Research prototype of deletion efficient k-means algorithms

BSD 2-Clause "Simplified" License

23 stars 4 forks source link

About the correction step to gamma-imbalanced partition #2

Open thupchnsky opened 2 years ago

thupchnsky commented 2 years ago

Hi @tginart,

Thanks for making your code public. I'm very interested in your work and would like to understand the whole procedure better. However, I have a question about the gamma-imbalanced correction step. How can we guarantee the cluster size is at least self.momentum after applying self._momentum_correction? I could not find proof of this in the paper and it is hard for me to imagine how we can guarantee the cluster size by averaging two centroids by weights. Moreover, the momentum correction step is sequential and the later correction may have influenced previous corrections, which makes the theoretical analysis even harder.

Please let me know if I misunderstand something here. And thanks for your response in advance!

Best, Chao

tginart commented 2 years ago

Thank you for the interest and the question.

The proof that uses the gamma correction is Lemma C.3. It's not that the cluster size is guaranteed, but it's that in any step, the effect of any individual point on the centroid is "capped" via the gamma correction.

Does that make sense? Happy to answer any follow up questions.

thupchnsky commented 2 years ago

Thanks for your quick response! The proof of Lemma C.3. is indeed the place that confuses me a little bit.

Since this is just computing the centroid for one cluster, I guess the first $\frac{1}{n}$ should be $\frac{1}{|\pi\kappa|}$ and the second $\frac{1}{n}$ should be $\frac{1}{|\pi\kappa|-|\pi_\kappa\cap\Delta|}$, where $n$ is the size of the whole dataset? That is why I imagine you would need some bound on the cluster size at each round. Please correct me if I have any misunderstanding here.

I am not sure what "capped" means exactly here. Would appreciate it if you could explain it in a bit more detail or with some expressions. And thanks again for the quick response!

tginart commented 2 years ago

Thank you for bringing this up. After looking back at my notes, I do think that the denominators you've circled are mistakes and should be as you've mentioned.

Actually though, the next few lines in the proof work just fine as if your denominators had been there all along. The L2 bound between any two data points still holds, and therefore the absolute difference is still upper bounded by $\sqrt{d} k /\gamma n$. Is this at least clear in the first case, where $|\pi_\kappa| \geq \gamma n / k$ ?

In the second case, the $\gamma$-correction just averages the new centroid with the previous one in order to decrease the effect of any point on the new centroid.

Please let me know if you have further questions.

thupchnsky commented 2 years ago

Thanks for your response!

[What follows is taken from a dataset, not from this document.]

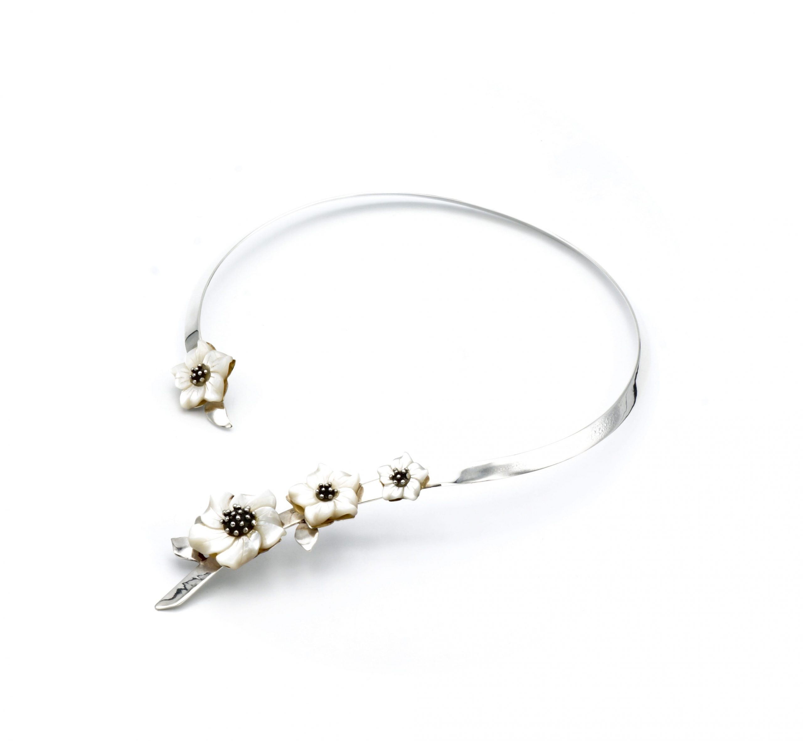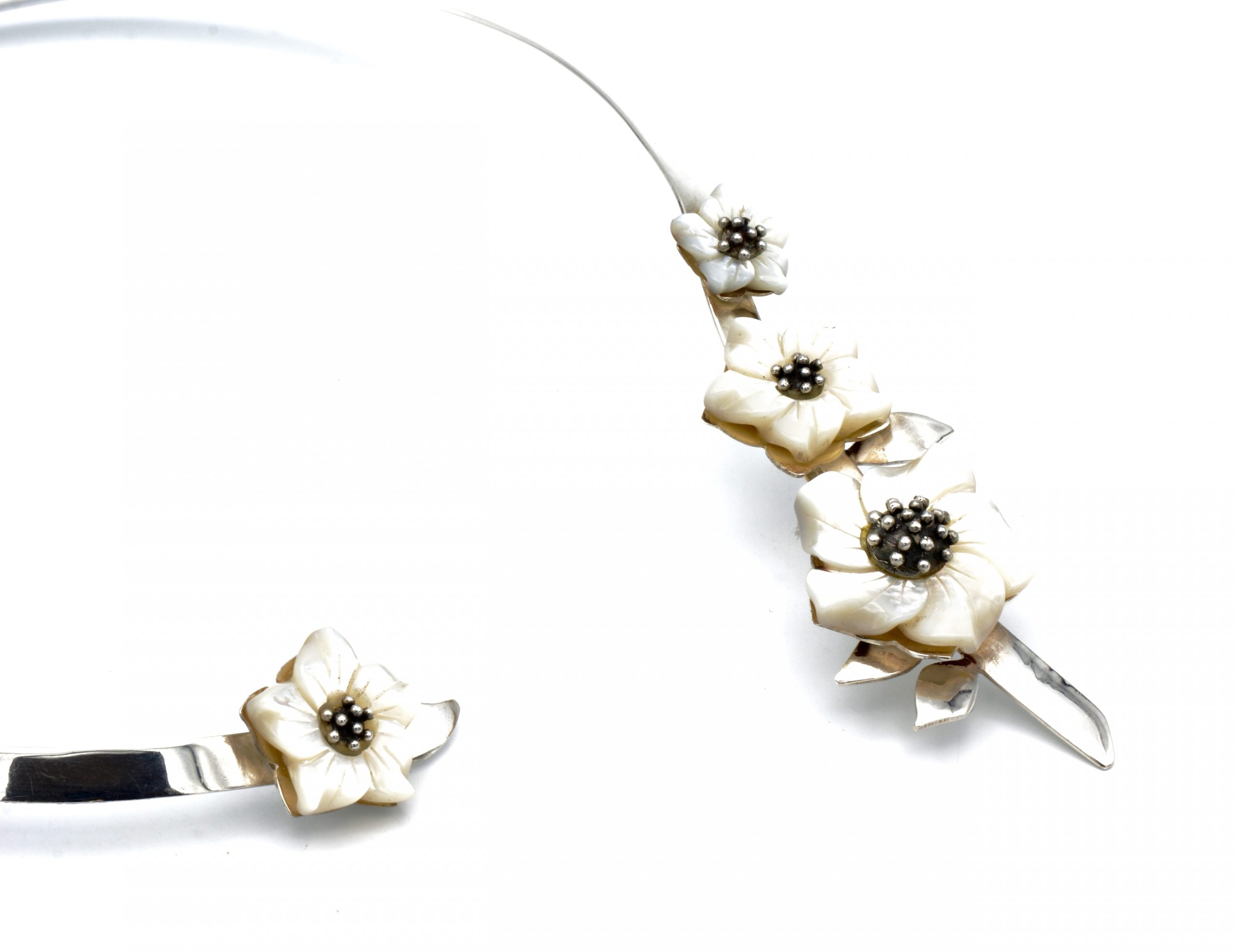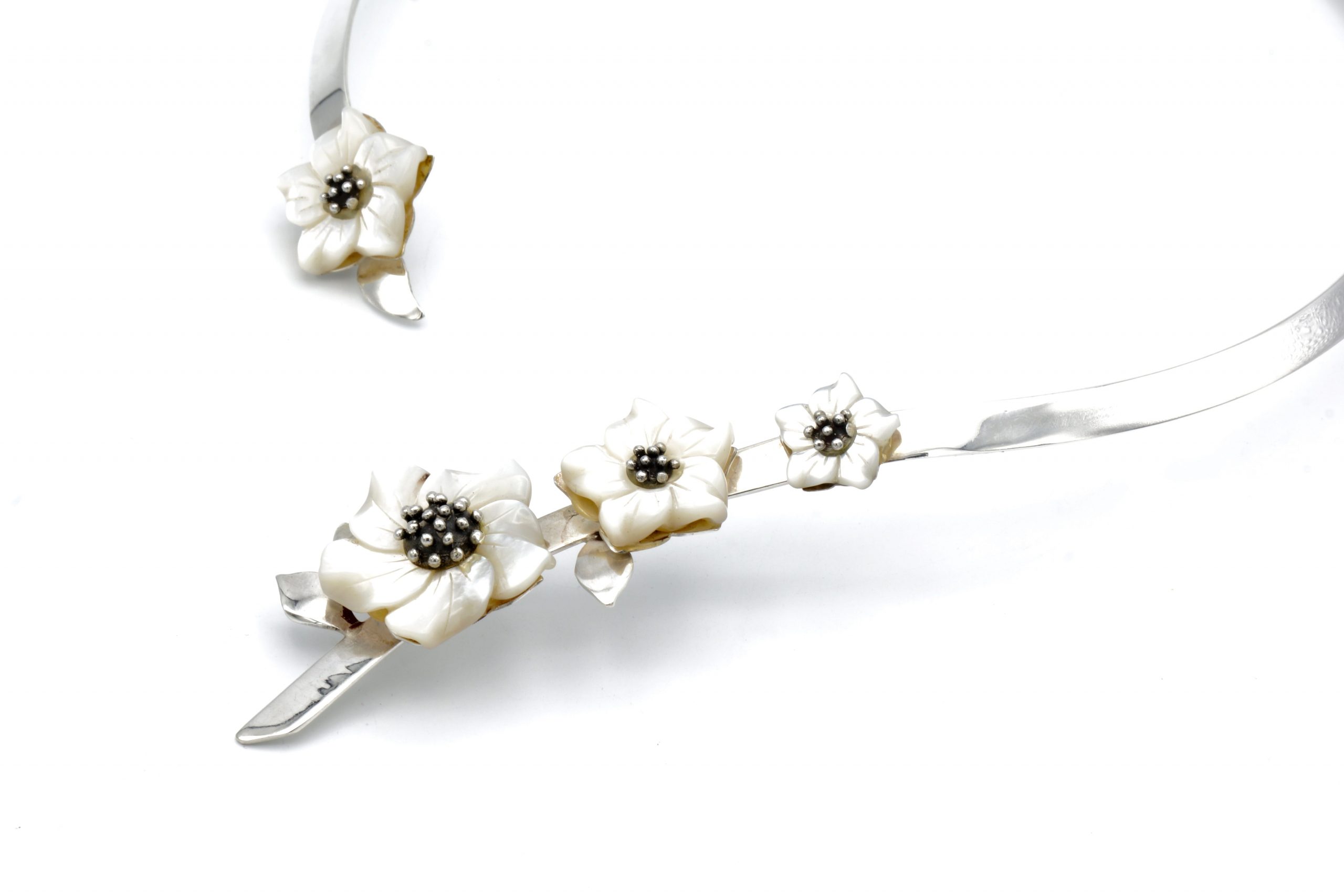 Design bloemen collier met parelmoer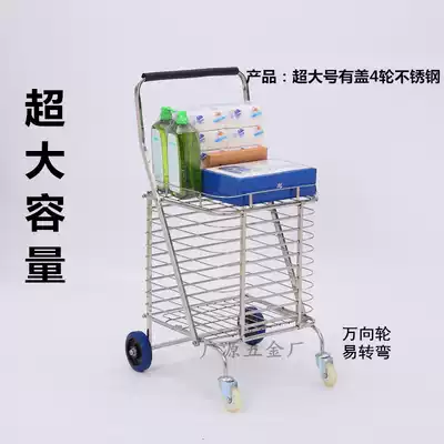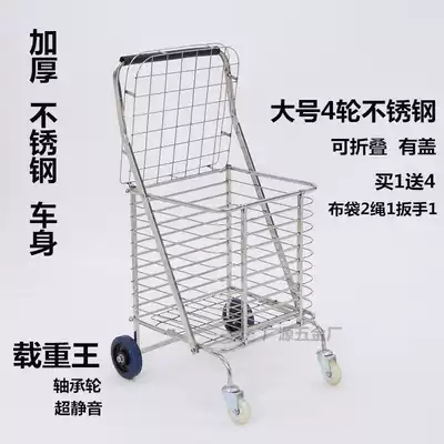 Guangyuan portable shopping cart custom stainless steel car mute new large 4-wheel folding Rod

My question is exactly about the second case. Although the $\gamma$-correction step is intuitive and absolutely makes sense, how can we always guarantee $\pi\kappa$ would become $|\pi\kappa|\geq \gamma n/k$ after the correction? Or there is another way to show in theory that the absolute difference between the centroids before and after removal is upper bounded by $mk\sqrt{d}/\gamma n$, even when $|\pi_\kappa| < \gamma n/k$?

One minor comment: the larger coefficient between $\frac{1}{|\pi\kappa|}$ and $\frac{1}{|\pi\kappa|-|\pi_\kappa\cap \Delta|}$ should be the latter one and it is actually upper bounded by $1/(\gamma n/k - m)$.